BEGIN Data shown

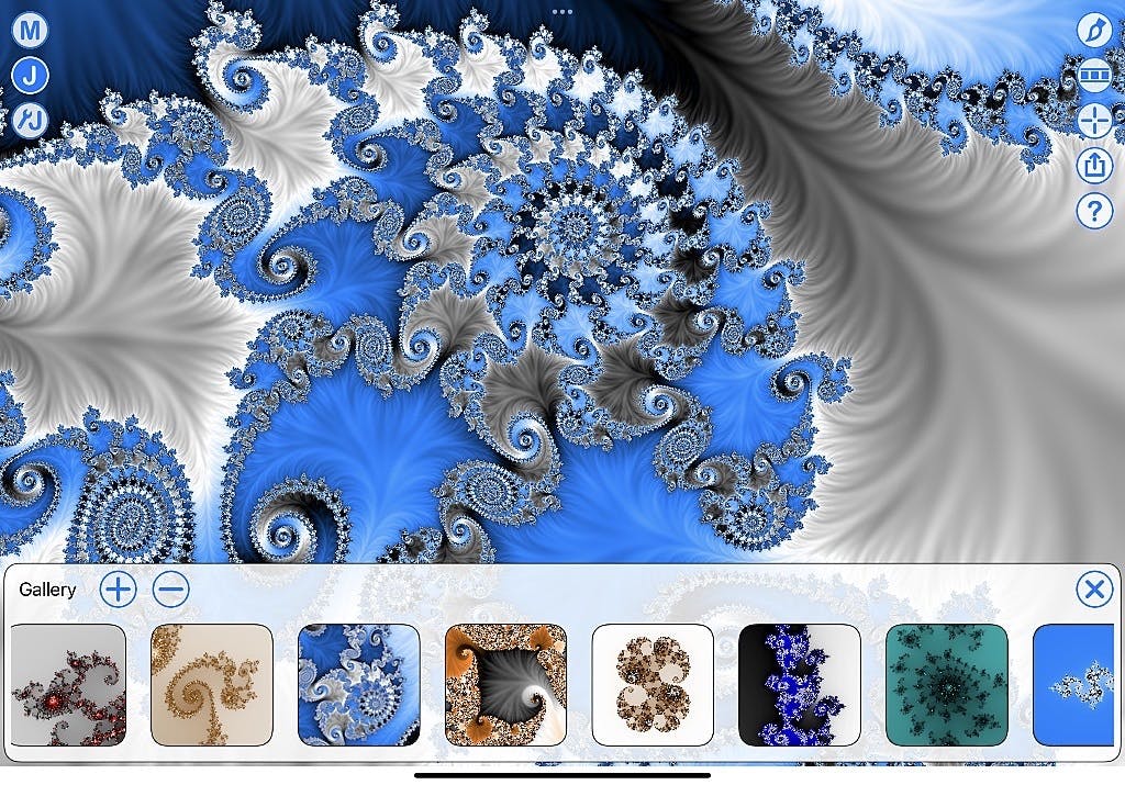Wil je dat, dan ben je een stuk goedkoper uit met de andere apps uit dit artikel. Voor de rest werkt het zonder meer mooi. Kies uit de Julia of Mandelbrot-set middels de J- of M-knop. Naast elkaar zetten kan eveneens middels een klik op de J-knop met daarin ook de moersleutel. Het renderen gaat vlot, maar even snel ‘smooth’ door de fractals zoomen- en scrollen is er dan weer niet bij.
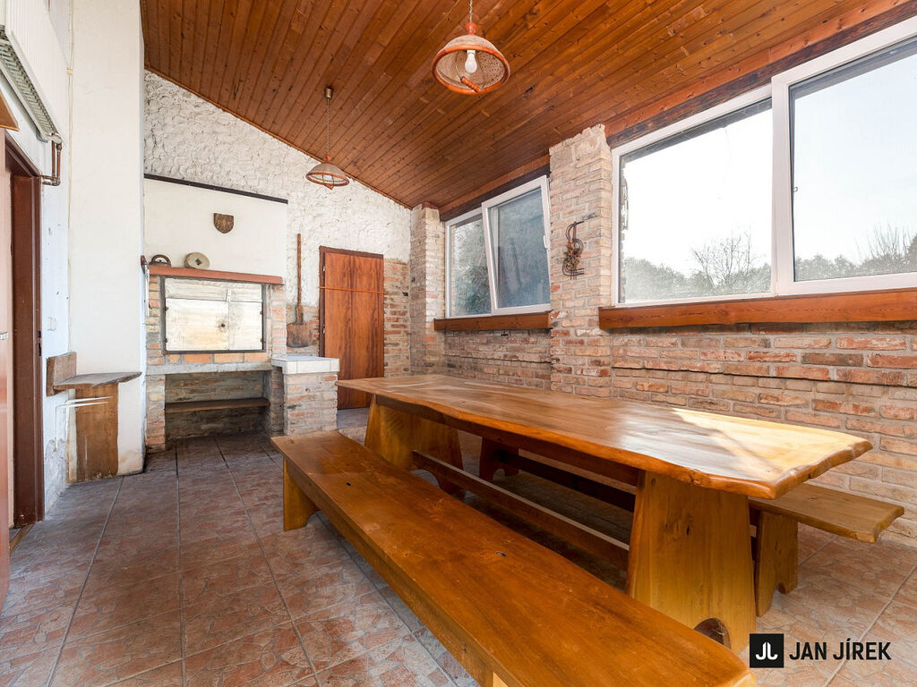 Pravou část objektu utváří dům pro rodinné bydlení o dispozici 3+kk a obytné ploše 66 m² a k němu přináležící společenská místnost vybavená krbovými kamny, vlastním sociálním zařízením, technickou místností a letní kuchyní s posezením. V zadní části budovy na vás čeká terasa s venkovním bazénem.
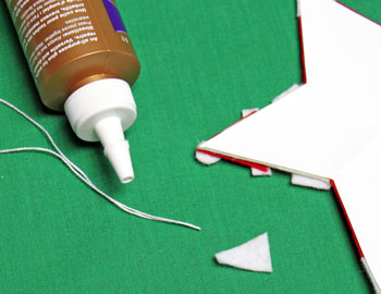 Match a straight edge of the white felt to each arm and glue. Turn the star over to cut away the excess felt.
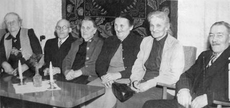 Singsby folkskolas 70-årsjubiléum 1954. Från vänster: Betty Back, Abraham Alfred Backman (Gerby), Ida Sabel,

END Data shown

"Pravou část objektu" marks the first line to copy, and "Match a straight" marks the last. Repeat that stretch above exactly, with no pictures.

Solution –
 Pravou část objektu utváří dům pro rodinné bydlení o dispozici 3+kk a obytné ploše 66 m² a k němu přináležící společenská místnost vybavená krbovými kamny, vlastním sociálním zařízením, technickou místností a letní kuchyní s posezením. V zadní části budovy na vás čeká terasa s venkovním bazénem.
 Match a straight edge of the white felt to each arm and glue. Turn the star over to cut away the excess felt.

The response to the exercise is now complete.